The Laz people in Germany (German: Lasen in Deutschland, Laz: ლაზეფე ჯერმანჲაშე Lazepe Cermanyaşe) refers to an indigenous Kartvelian-speaking ethnic group inhabiting the Black Sea coastal regions of Turkey and Georgia. There are about 1,000 Laz in Germany.

History 
The earliest recorded Laz immigrants had come to Germany from Republic of Turkey in the 1970s, as a result of a labour recruitment agreement signed between West Germany and Republic of Turkey. Lazs in Germany are mostly Turkish nationals or naturalized citizens, however within the last decade more and more intellectual Laz people realized that the disappearance of their language would lead to the disappearance of their identity and tried to preserve their inherited culture through political empowerment, linguistic education, and music and poetry.

Lazs in Germany could be said to have pioneered the Laz language movement.

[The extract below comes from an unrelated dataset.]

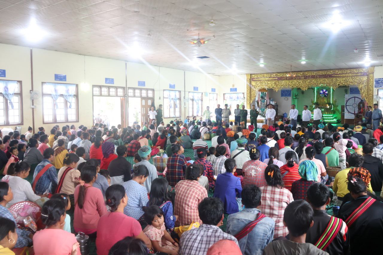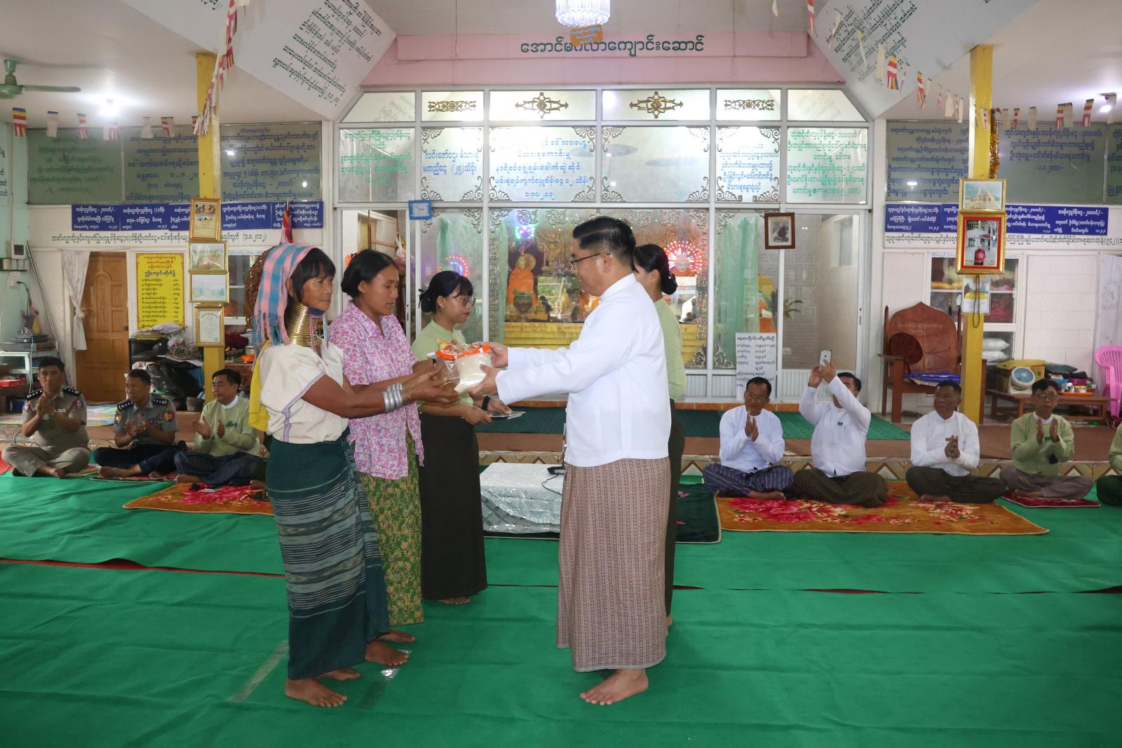 ထို့နောက် ပြည်နယ်ဝန်ကြီးချုပ် ဦးဇော်မျိုးတင်၊ ဒေသကွပ်ကဲရေးမှူး၊ ပြည်နယ်အစိုးရ အဖွဲ့ဝင်များနှင့်တာဝန်ရှိသူများသည် လွိုင်ကော်မြို့ရှိ မင်္ဂလာဂန္ဓာရုံစာသင်တိုက်သို့ သွားရောက်၍ ပန်ကန်းကျေးရွာ၊ ရွာတန်းရှည်ကျေးရွာနှင့် ဒေါဆန်းဘွန်းကျေးရွာမှ ယာယီနေရပ်စွန့်ခွာပြည်သူများအား ရင်းရင်းနှီးနှီး တွေ့ဆုံအားပေးစကား ပြောကြားခဲ့ပြီး ဆန်၊ ဆီ၊ ခေါက်ဆွဲခြောက်နှင့် ထောက်ပံ့ငွေများပေးအပ်ကာ ပြည်သူများ၏ တင်ပြချက်များအပေါ်တွင် လိုအပ်သည်များ ကူညီဖြည့်ဆည်းဆောင်ရွက်ပေးခဲ့သည်။

The Lazuri Alboni (Laz Alphabet) based on the Latin alphabet was developed by Fahri Lazoğlu and Wolfgang Feurstein in Germany in 1984. Lazebura, which is the name of a magazine and now a website, published this alphabet for Laz people who live in Germany. Currently, the written language has two alphabets: the Mkhedruli (Georgian) alphabet for Laz community who inhabit in Georgia, and the Latin alphabet for Laz community who inhabit Turkey.

Laz culture movement the "Lazebura Foundation" was founded in Germany in 1997, which has petitioned the Turkish government to provide education of the Laz language in schools in northwestern Turkey, and to set up a language institute.